There was none of Kevin's cheese this time but it didn’t matter as Nini’s improbably busty guide provided a perfunctory tour of the production vats and cellars followed by the nod that permitted us to dive headlong and fully clothed into the tasting pool - sorry, session.
Merlot followed Cab Sav and local desert wines rounded it all off.
Tour over and tongues slightly thickened, the more desperate scoured the town for the free tour up the road while the pyromaniacs amongst us took Cameron to the Cafayete municipal campsite and set about lighting a fire that would feature more steaks than Dracula’s bad dream.

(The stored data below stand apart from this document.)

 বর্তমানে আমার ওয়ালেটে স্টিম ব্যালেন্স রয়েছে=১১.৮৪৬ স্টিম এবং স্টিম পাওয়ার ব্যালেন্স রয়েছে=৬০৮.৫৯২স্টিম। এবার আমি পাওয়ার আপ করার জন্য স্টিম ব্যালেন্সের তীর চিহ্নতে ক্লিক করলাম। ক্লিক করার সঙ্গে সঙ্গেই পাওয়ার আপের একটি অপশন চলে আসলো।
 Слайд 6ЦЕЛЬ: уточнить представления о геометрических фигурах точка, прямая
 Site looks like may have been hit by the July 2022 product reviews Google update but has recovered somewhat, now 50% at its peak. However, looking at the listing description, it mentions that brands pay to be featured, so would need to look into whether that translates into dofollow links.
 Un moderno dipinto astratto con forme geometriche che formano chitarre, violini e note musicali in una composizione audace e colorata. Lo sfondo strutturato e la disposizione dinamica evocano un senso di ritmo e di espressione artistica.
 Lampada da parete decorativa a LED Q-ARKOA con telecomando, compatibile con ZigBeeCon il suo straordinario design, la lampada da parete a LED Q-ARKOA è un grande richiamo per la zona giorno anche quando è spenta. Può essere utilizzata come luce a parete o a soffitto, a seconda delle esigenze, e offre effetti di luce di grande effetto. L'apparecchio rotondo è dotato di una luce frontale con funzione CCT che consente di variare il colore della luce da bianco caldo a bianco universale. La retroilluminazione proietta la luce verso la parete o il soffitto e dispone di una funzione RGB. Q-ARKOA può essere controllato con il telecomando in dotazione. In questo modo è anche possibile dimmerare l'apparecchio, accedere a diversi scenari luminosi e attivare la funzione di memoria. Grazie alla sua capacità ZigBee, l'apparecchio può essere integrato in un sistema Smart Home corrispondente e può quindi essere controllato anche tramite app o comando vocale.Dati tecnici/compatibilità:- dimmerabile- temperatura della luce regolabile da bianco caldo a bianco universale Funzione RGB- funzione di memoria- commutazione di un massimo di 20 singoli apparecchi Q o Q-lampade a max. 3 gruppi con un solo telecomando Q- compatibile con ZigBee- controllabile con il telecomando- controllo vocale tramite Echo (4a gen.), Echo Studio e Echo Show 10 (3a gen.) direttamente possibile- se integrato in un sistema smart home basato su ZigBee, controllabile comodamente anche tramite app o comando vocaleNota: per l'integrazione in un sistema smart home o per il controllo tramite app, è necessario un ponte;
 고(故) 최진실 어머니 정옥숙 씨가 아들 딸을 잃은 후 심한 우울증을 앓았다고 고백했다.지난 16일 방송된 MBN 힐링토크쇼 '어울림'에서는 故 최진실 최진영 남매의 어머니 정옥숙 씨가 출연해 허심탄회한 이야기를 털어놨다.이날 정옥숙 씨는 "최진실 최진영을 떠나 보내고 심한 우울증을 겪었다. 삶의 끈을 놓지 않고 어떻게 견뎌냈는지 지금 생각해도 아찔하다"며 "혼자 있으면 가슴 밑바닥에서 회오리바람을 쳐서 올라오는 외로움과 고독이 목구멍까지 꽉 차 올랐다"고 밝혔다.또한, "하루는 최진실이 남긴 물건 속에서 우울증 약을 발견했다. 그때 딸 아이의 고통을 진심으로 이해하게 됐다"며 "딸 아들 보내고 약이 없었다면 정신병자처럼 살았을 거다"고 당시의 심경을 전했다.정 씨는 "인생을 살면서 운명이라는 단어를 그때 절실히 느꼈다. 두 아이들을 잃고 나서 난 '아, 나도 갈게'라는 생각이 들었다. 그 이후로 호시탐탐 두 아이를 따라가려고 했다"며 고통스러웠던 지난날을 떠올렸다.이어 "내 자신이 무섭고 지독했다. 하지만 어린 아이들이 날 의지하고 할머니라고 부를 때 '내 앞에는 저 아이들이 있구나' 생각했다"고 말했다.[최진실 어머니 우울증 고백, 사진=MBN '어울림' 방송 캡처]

The wood was unloaded from the truck’s back cage and the camp site scoured for kindling. The fire was built and only awaited a flame as we turned the truck upside down to find the elusive smoker’s lighter that we had been relying on to light the canteen every day for the last two weeks.
It was nowhere to be seen.
Dave rubbed some rocks together but failed to raise a spark.
Bert, a fireman who should have known better, doused his shoes in petrol but failed to focus the sun's dying rays sufficiently through Vanessa's glasses to raise a flame.
Ivan constructed an elaborate bow and sharpened a kindling stick but only succeeded in trying himself in knots that Dave had to cut him out of.
Sharif whacked his head repeatedly on the ground but no one really knew whether this was to start a fire or just for kicks.
Eventually the lighter appeared from an anonymous pocket and the conflagration was unleashed. The only problem was that we needed embers to cook on and the fire was hours away from providing them. Patiently we fanned and stoked the flames with a piece of pipe work that Dave wrenched out of the engine and slowly but surely the raging flames died and the true heat of the coals started to burn through – which is when we discovered our second problem.
We had burnt so much wood that the embers were too hot to get close to.
Ivan waved at the pyre with a shovel which promptly melted, leaving him with a smoking handle and no eyebrows. The trees around the campsite began to wilt. The sky was dark with smoke and Bert shifted uncomfortably from foot to foot as the local fire brigade turned up, threw their hands up in disgust and left again, shouting something about water not being enough.
Eventually at 10pm, five hours after the first flame was applied to the wood pile, we were able to get close enough to scrape off some embers and load Frank, piece by piece, onto the grille.
The first steaks vaporised instantly but with a little patience and after lifting the grille several metres above the heat, we found a happy medium that enabled the meat to be grilled with tent poles by Nic and Elliott, standing on Cameron's roof.
The sausages came and went followed by the Lomo and Vasilo cuts but, resisting all attempts to cook it, was the Chorizo. Closer to a joint of beef for twenty than a meal for three, Ivan, Dave and Alex wrestled the carcass onto the grill and subjected it to temperatures greater than the surface of the sun, but to no appreciable effect. Eventually accepting defeat, they took to shaving the surface layers off and ate these while the interior felt its first whiff of flame.
By 3am with the heat finally receding, they had carved the mountain of meat down to a respectable hillock. They patted their protruding stomachs and crawled off to sleep off the experiment while the remainder was bagged for the next day’s lunch for us - and the whole population of Cafayete.
The dogs that had waited patiently were rewarded with the biggest slabs of beef they had ever seen. They wolfed it down and three choked. Only the quick thinking Leon who had already performed the Heimlich manoeuvre twice on Dave, saved them and they limped off into the gloom, bested by the remnants that the men had left behind.
Somewhere in the darkness, the God of Cows took bitter note and planned a grim revenge.